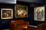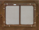 na odwrocie na górnej listwie krosna nalepka Salonu Juliana Burofa (druk, pieczęć, tusz): MAGAZYN ARTYSTYCZNY I SALON OB[...] | JULIANA BUROFA, Warszawa, Nowy Świat 47. | No 1544 Autor Jan Moniuszko | Tytuł Zaręczyny Rodzaj dzieła olej | Cena [...] Własność [...] | data 18 [...] rok
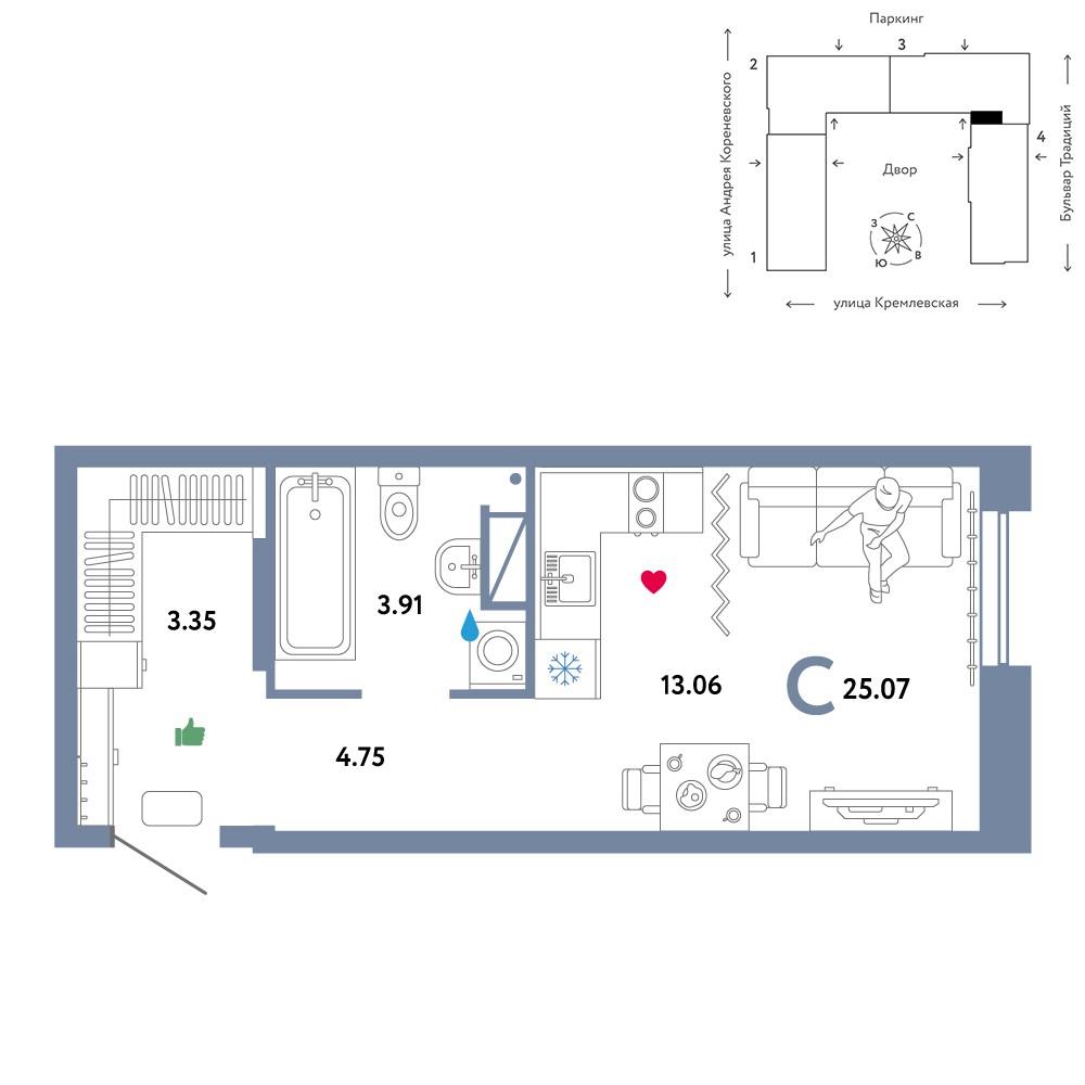 общая 25,07 м2, жилая 13,06 м2, кухни 13,06 м2 |
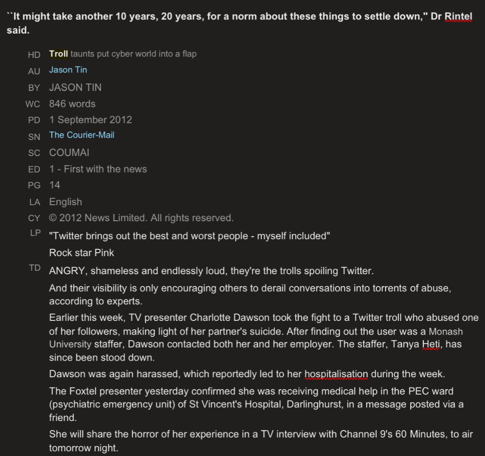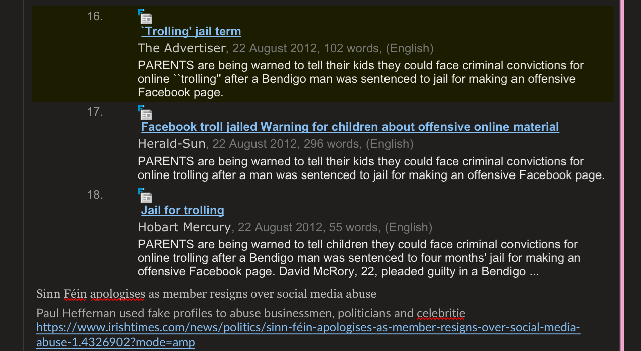 Because I had this folder, this ‘folklore’ folder on my computer from which I established, I think, in April 2020, where I started putting in stuff about trolls and about trolls as folkloric trolls. Then all of the work which I was doing, looking at trolls and trolling, which I talked about two episodes ago when I went through the Factiva series. Dow Jones Factiva database for 45,000 or something media sources globally and I got back to my query 65,000 returns.
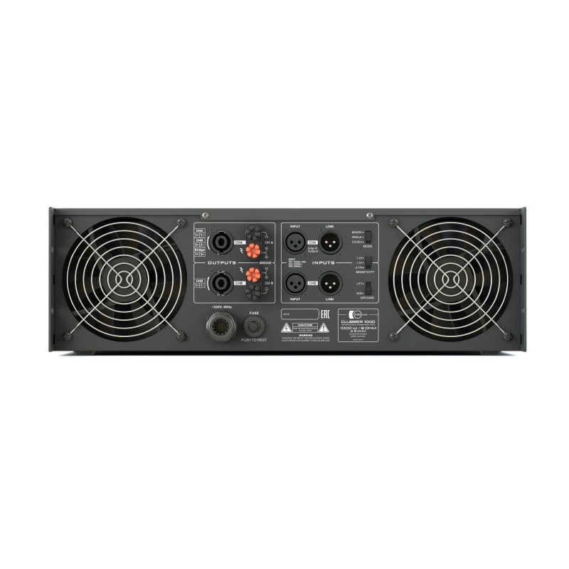 Усилитель имеет два балансных симметричных (Balance In) входа на разъемах XLR. Два балансных линкующих выхода (Link Out) также на разъемах XLR для подключения дополнительного усилителя мощности или других активных звуковых устройств. Чувствительность входа может настраиваться с помощью селектора на три положения 1,4V, 1V и 0,775V. Акустические системы могут быть подключены на выбор к клеммным зажимам или к разъемам SPEAKON. Усилитель может работать в трех режимах: STEREO - два раздельных канала усиления (Ch1 / Ch2) c раздельной регулировкой уровня громкости / PARALLEL - на два канала подается один сигнал с канала Ch1. Регулировка громкости раздельно для каждого канала / BRIDGE - два спикерных выхода суммируются, соответственно увеличивается мощность. Усилитель работает как одноканальный. Регулировка громкости производится с канала Ch1. Выбор режима работы усилителя производится с помощью специального селектора с задней стороны корпуса. В режиме STEREO и PARALLEL Clubber-650 может работать с сопротивлением нагрузи от 4x до 8ми ohm. В режиме BRIDGE допустимая нагрузка – 8ohm. Мощность CVGaudio Clubber-1000 в режиме PARALLEL и STEREO - 4ohm - 1500W x 2 / 8ohm - 1000W x 2, в режиме BRIDGE - 8ohm - 2500W.Стильный металлический корпус имеет высоту 3U и может быть установлен в монтажную стойку. Крепежные “уши” в стойку являются неотъемлимым элементом корпуса. На лицевой стороне располагается информационный жидкокристаллический экран, выводящий информацию о температуре нагрева радиатора выходного каскада усилителя и уровень громкости раздельно для каждого канала. Также на лицевой панели находятся непосредственно регуляторы уровня громкости и светодиодная индикация – наличие входящего сигнала - SIG, перегрузка – CLIP, сработка защиты - PROT, индикатор включения питания и активация режимов работы - PARALLEL или BRIDGE. Усилитель имеет постоянное активное охлаждение. Предусмотрены все необходимые системы защиты - защита от короткого замыкания, перегрузки, перегрева, защита по электропитанию с предохранителем. Усилитель имеет софт-старт и задержку подключения спикерного выхода на время переходных процессов при включении. Благодаря до мелочей продуманной схемотехнике и высокому качеству используемых компонентов работа CVGaudio Clubber - 1000 (при соблюдении правил эксплуатации) будет безупречной в течении всего срока службы устройства.
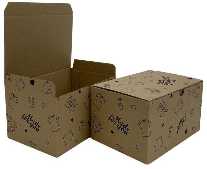 Jednodílná dárková krabička z hnědé třívrstvé vlnité lepenky s jemným černým potiskem po celé vnější ploše.
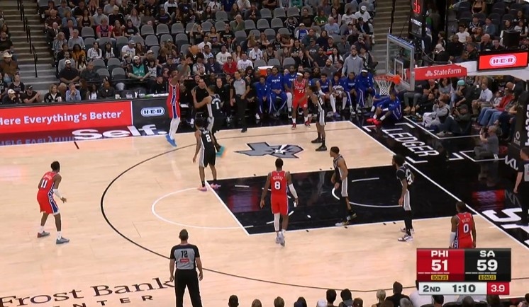跟前队友学的?恩比德面对文班 双后撤步从罚球线撤出三分线命中
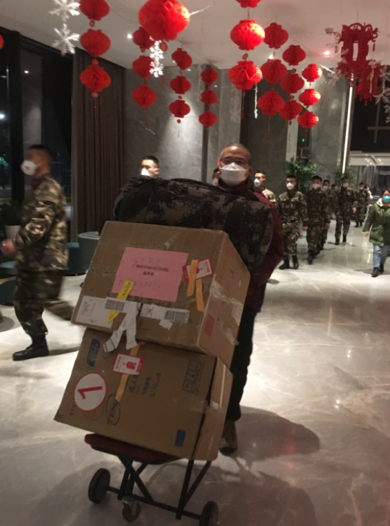 11日凌晨2点,我随第二批广东省支援荆州医疗队经过长途跋涉,终于到达荆州市珀骊酒店。在荆州特警队的帮助协调下,顺利整理好了各自的行李和物资。荆州市卫健委和政府为我们准备的酒店24小时供应大家的餐食,以保证我们无论什么时候都能吃上热乎的饭菜,喝上一碗热热的湖北莲藕汤,我们感觉心里很温暖。
=-=-=-=-=
Task requirements = Could you restate exactly the lines from the line containing "Jednodílná dárková krabička" through the end of the listing, both ends included and nothing else, leaving the images out?

Solution for this exercise =
 Jednodílná dárková krabička z hnědé třívrstvé vlnité lepenky s jemným černým potiskem po celé vnější ploše.
跟前队友学的?恩比德面对文班 双后撤步从罚球线撤出三分线命中
 11日凌晨2点,我随第二批广东省支援荆州医疗队经过长途跋涉,终于到达荆州市珀骊酒店。在荆州特警队的帮助协调下,顺利整理好了各自的行李和物资。荆州市卫健委和政府为我们准备的酒店24小时供应大家的餐食,以保证我们无论什么时候都能吃上热乎的饭菜,喝上一碗热热的湖北莲藕汤,我们感觉心里很温暖。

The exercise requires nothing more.